A Classifier based on Twitter data to determine how likely a bit of text is to be a Russian Troll tweet, or to measure the influence of Russian Trolls on our own posts and text. For the sake of convienience, 'Russian' in the following context refers to those tweets that were found to be from a known twitter handle of the Internet Research Agency of Russia, and have nothing to do with the Russian people in general.
- Sentiment 140 1,600,498 Tweets (Circa 2010)
- Cheng-Caverlee-Lee September 2009 - January 2010 Twitter Scrape
Non-russian tweets were chosen from 2009-2010 in order to avoid 'tainted' tweets in the dataset; the hypothesis here is that Russian Trolls (read: Internet Research Agency) have had a negative effect on our social media experience and are partly responsible for the great divides we are seeing in our society today. To determine if there is Russan Troll influence in a tweet, I needed to use what we sounded like before the social media campaigns started, hence the timeline.
Using the power of Left Joins, I discovered 25,837 Russian Tweets in the non-Russian sets above. I removed these before joining.
The ultimate goal of this is to measure 'Russian' influence over modern social media language useage, and to do that I needed to remove things that were time-dependent in a social context, and to allow future ideas to be analyzed based on the language used, not the subject matter. In other words, I had to replace nouns and other parts of speach.

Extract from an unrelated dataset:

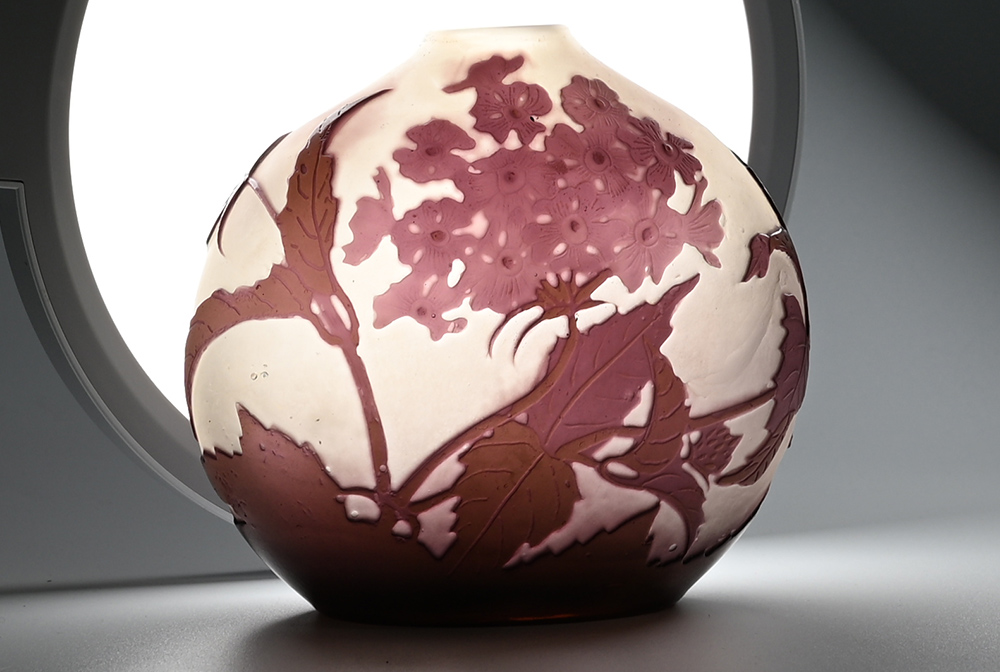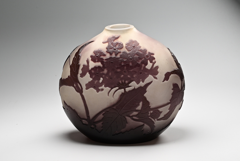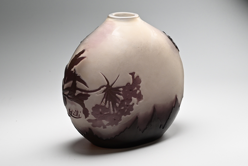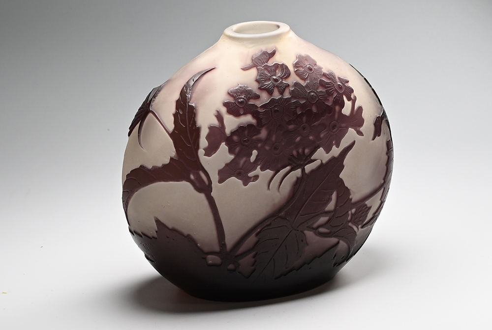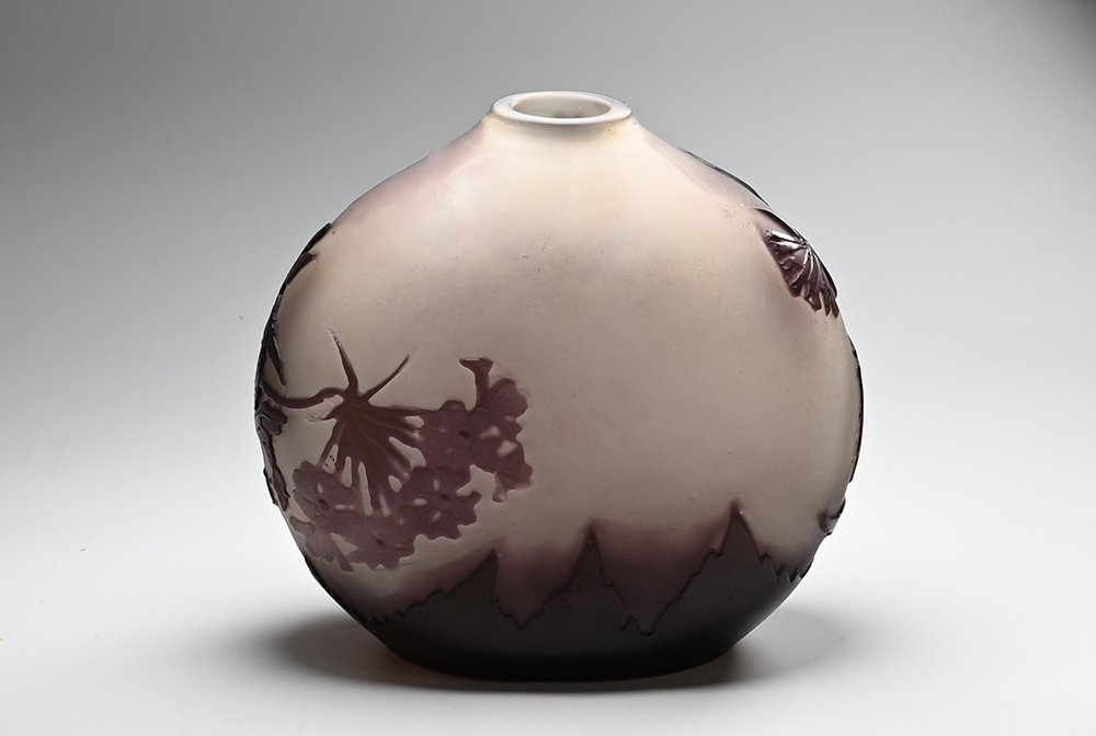 【エミール・ガレ(1846~1904)】 ロレーヌ県ナンシーに生まれる。 父のもとで陶芸を学び、その後は家具とガラス工芸の両分野でアール・ヌーヴォー期を代表する芸術家として活躍した。 1889年と1900年にパリで開催された万国博覧会では最高の栄誉であるグラン・プリを受賞するなど大成功を収め彼の名声は不動のものとなる。 惜しくも1904年に没し、その後も彼の工場は数多くの優れた作品を制作したが、1931年に経営難の為閉鎖を余儀なくされた。 |

To do this, I ended up with the following preprocessor. First, I removed specific '@' referneces and replaced them with the phrase "_at_someone_", and did the same for links ("_link_") and #Hashtag ("_hashtag_"). Then removed all punctuation aside from the underscores. From there, I used part of speach tagging from nltk to sort through the parts of speach and keep certain words and reject others based on the part of speach. I kept prepositions (IN), verbs of all sorts (contains V), determiners (DT), coordinating conjunctions (CC), and all of my tagged twitter functions above. The rest I set to the part of speach tag from nltk. This helped to remove the nouns, gendered pronouns (example, anti-Obama and anti-Hillary Clinto speach would be treated differently with him vs her, but now would be the same), and even adverbs and the like, while keeping verbs, words such as 'all' or 'some', etc. This took over 3 hours to tag the tweets.
I crated a tfidf vectorizer based on ngrams in the rang of 2-5, with a minimum of 500 document occurences and a maximum of 70% of documents (as recommended to eliminate stop-words). From there the results were scaled in order to use l1-normalization on the vector. See here for details.
Using a hold-out set , a training set, and a test set, I ran Logistic Regression using lasso normalization in order to just eliminate the phrases that didn't contribute to determining if a tweet was Russian or not. Training Data got a score of 0.896, with test at 0.894, and the hold-out set was at 0.91.